SO...after all of that, Mr. Jeremy will be joining a private practice here in Salt Lake City, UT. He will have to take a pain management board exam at some point, and then he has to take his anesthesiology and pain management boards every ten years. Are you wondering what all this fun costs?  Medical school tuition ranges anywhere from $50,000-$300,000+, depending on where you go. (Unfortunately, we're on the high end of that range.) Everything outside of tuition (exams, books, travel, applications, licensing, moving, etc.), is probably about $15,000+. Was it worth it? I think so, but ask us in five years! ;)
My little family. I'm kind of proud of us, especially the guy in the middle!

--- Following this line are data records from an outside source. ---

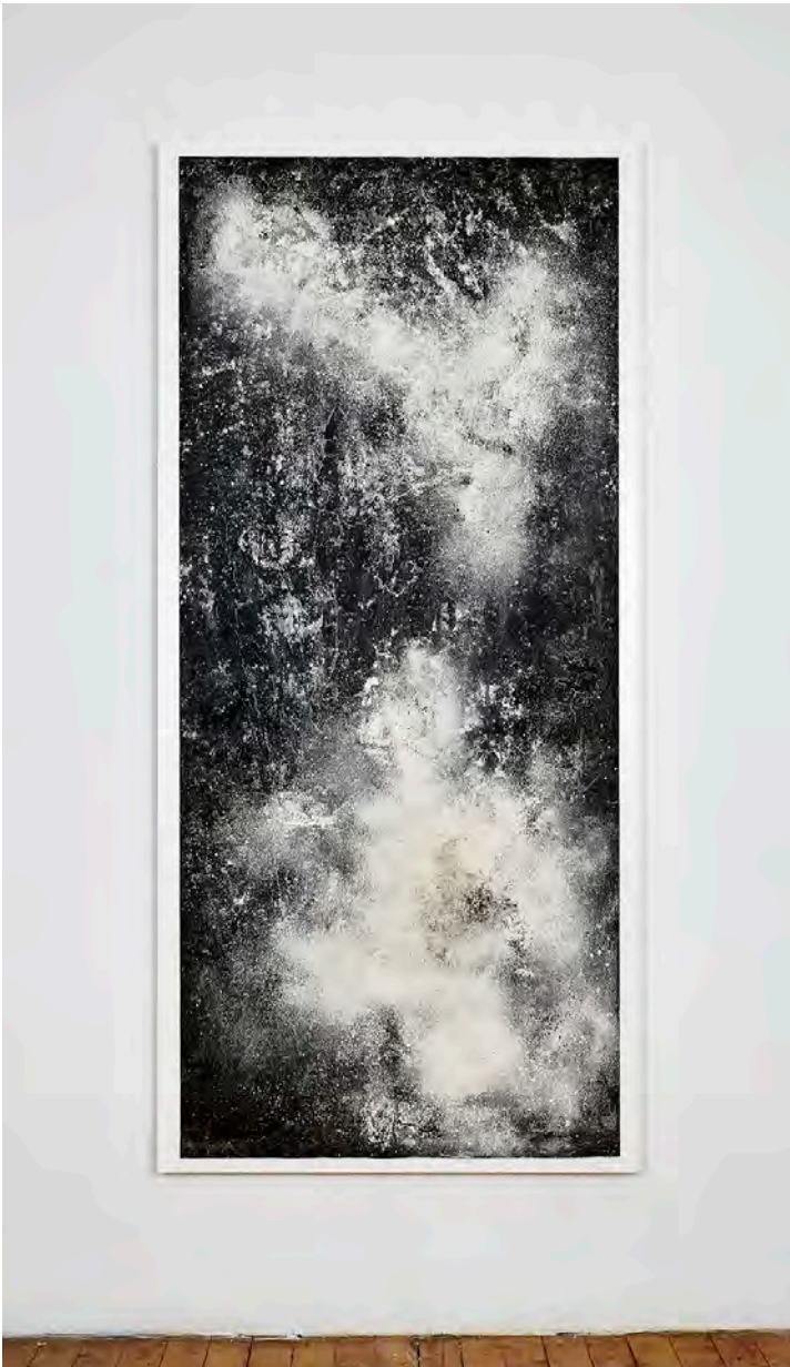
JEFFREY MERIS I, Used To Be XIII , 2021 plaster particles on roofing paper, double sided adhesive tape 81 x 42 x 3 inches 205.7 x 106.7 x 7.6 cm LM33998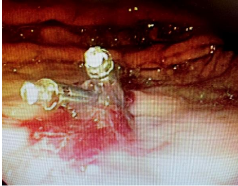
Figure 2: Another endoscopic clip was positioned.

cessation of bleeding, which returned after the endoscopic clip was placed. Hemostasis was repeated with adrenaline, this time with interruption of bleeding, and another endoscopic clip was positioned, with resolution of the frame (Figure 2). Recovery of hemodynamic status after endoscopy, suspension of noradrenaline and stabilization of hematimetry. The patient was extubated the next day, maintaining adequate respiratory pattern. Another endoscopy did not reveal residual bleeding. ICU discharge occurred on 18th day of hospitalization.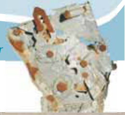
Wing spar from Attacker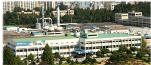
Gwangju Factory, Korea Annual Shipment : 1,500 Mil Packs

Japanese Tobacco Brand is being produced in this factory by OEM.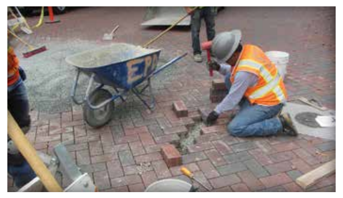
Figure 4. Reinstatment using the same pavers continues following the existing herringbone paving pattern.

Number of years of life Annual cost Annual cost of Annual cost remaining before of resurfacing of resurfacing pavement damage from utility cuts to one = resurfacing streets streets damaged streets damaged with utility cuts category of streets by utility cuts by utility cuts (local, collector Expected years of life thoroughfare, etc.) before resurfacing if there are no utility cuts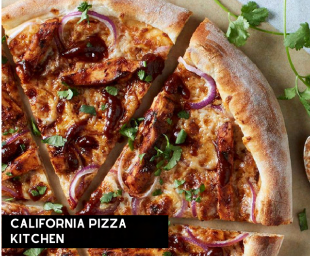
CALIFORNIA PIZZA KITCHEN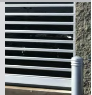
Grey tinted slats shown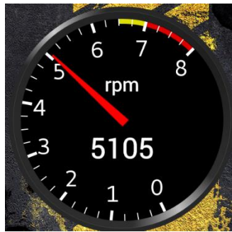
Figure 2 - Black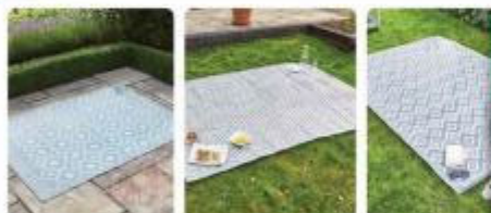
Outdoor Rugs 150x210cm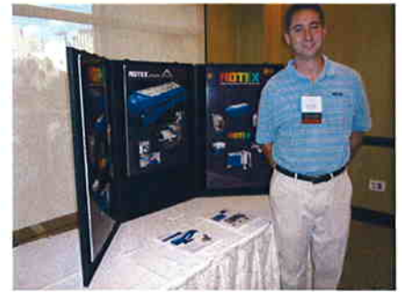
Rotex' Display at Vendor's Night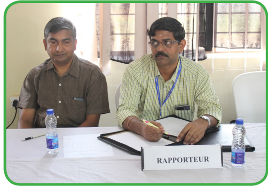
RAPPORTEUR OF TECHNICAL SESSION VI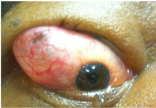
Figure 1 The upper eyelid is trapped behind an engorged and very large superotemporal filtering bleb.

Note: The lower eyelid is in normal position.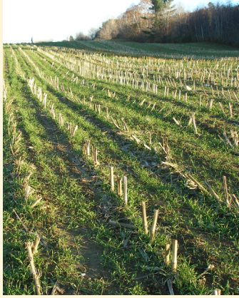
A cover crop grows in no-till corn residue on a Maine farm.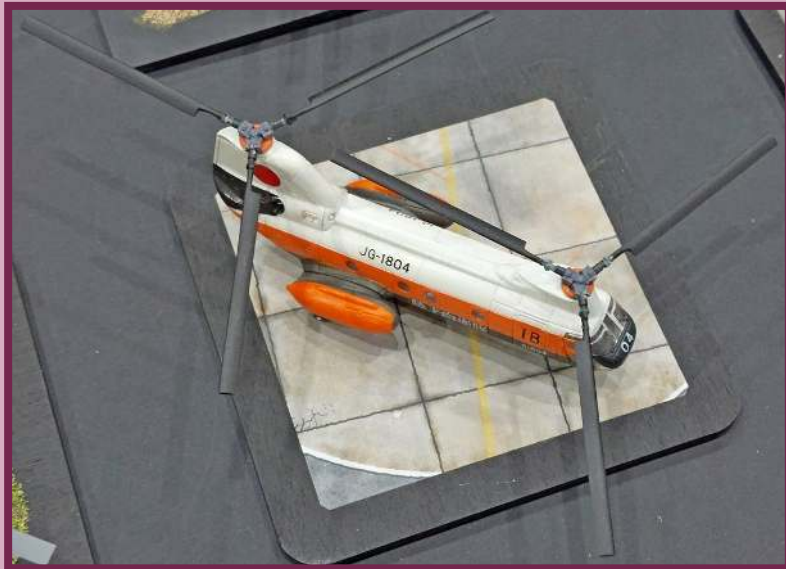
A highly unusual 1:144 scale Kawasaki KV-107, probably utilizing the F-Toys kit and finished in the markings of the JMSDF.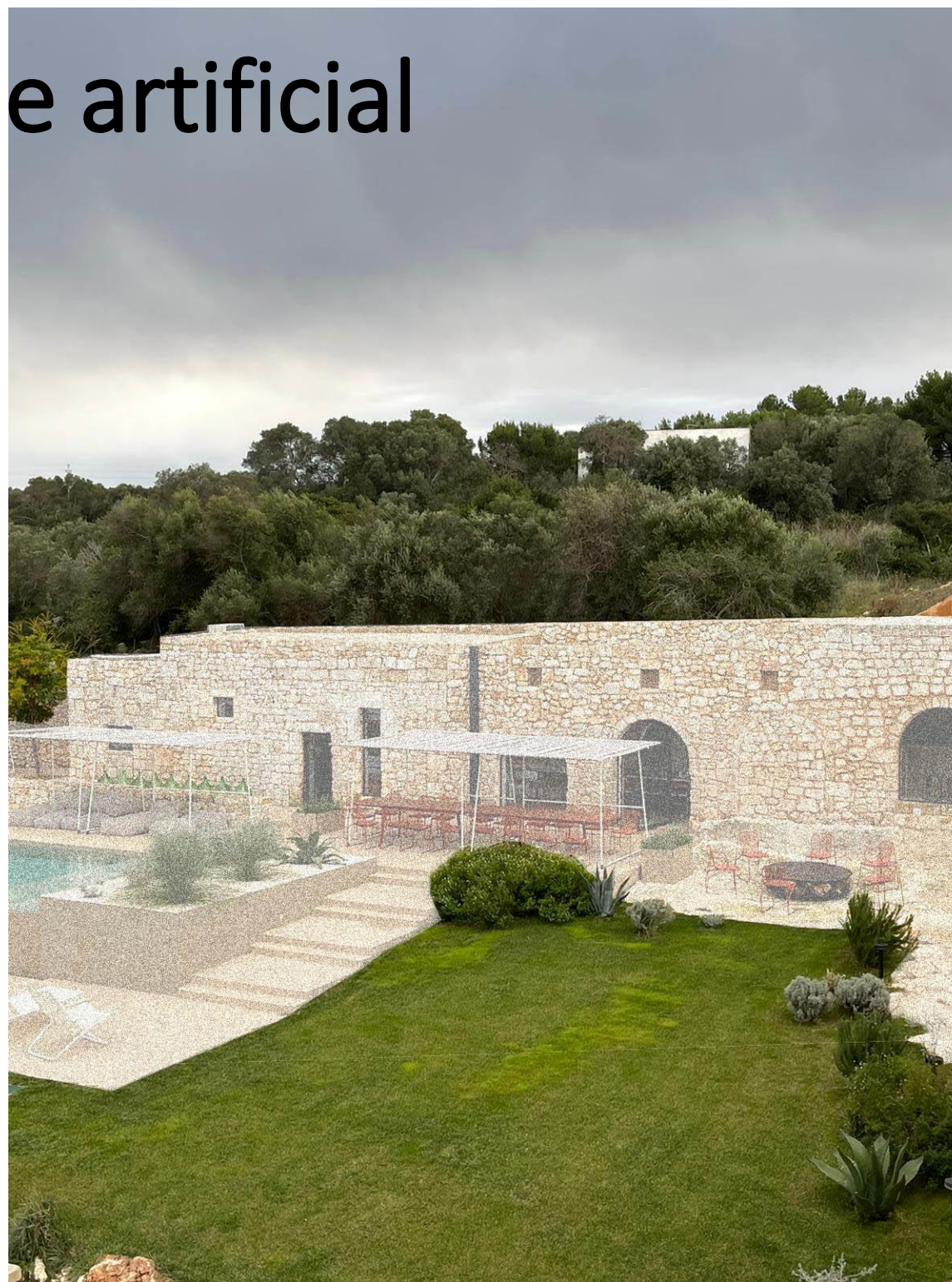
balance between wild/native/natural and tamed/artificial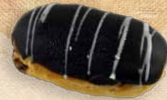
4201 Éclairs Filled with Caramel Cream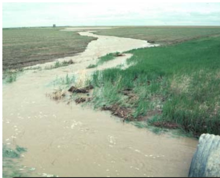
Sediments, nutrients and pesticides may be washed from agricultural land to surface runoff water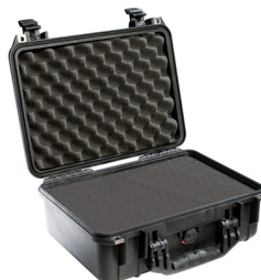
1450WF With Foam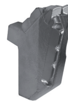
Side scraper Type MH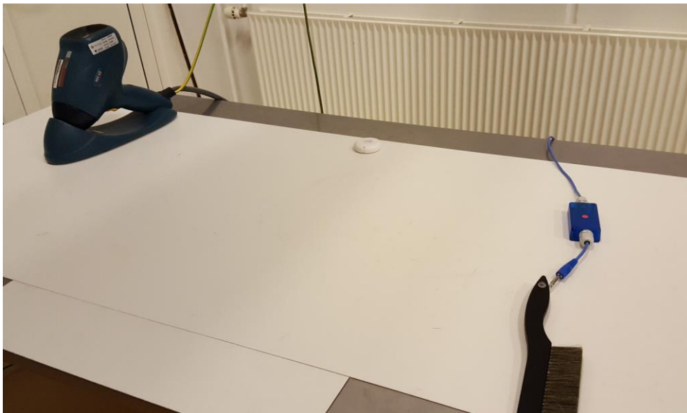
Photo 6. Electrostatic discharge test setup.

Functional tests were performed before, during and after testing.

Don't get me wrong. For every negative, I could have definitely named a positive that came from this experience. We have absolutely loved this journey, but we kind of didn't know what we were in for, and I'm still finding out! So, if you've made it to the end of this post, here is my advice: never say that a doctor makes too much money, AND if you ever date a boy who wants to be a doctor, beware! (I joke, I joke…)

14 comments:

  1. Congratulations to Jeremy AND to you! Being a doctor is basically like graduating high school and then going back to kindergarten and doing it all over again (except it's waaaay more difficult and A LOT more moolah!). I'm glad that part of your journey was spent in St. Louis so that we could meet. :) Now on to new adventures and spending the next decade or two paying off all those loans!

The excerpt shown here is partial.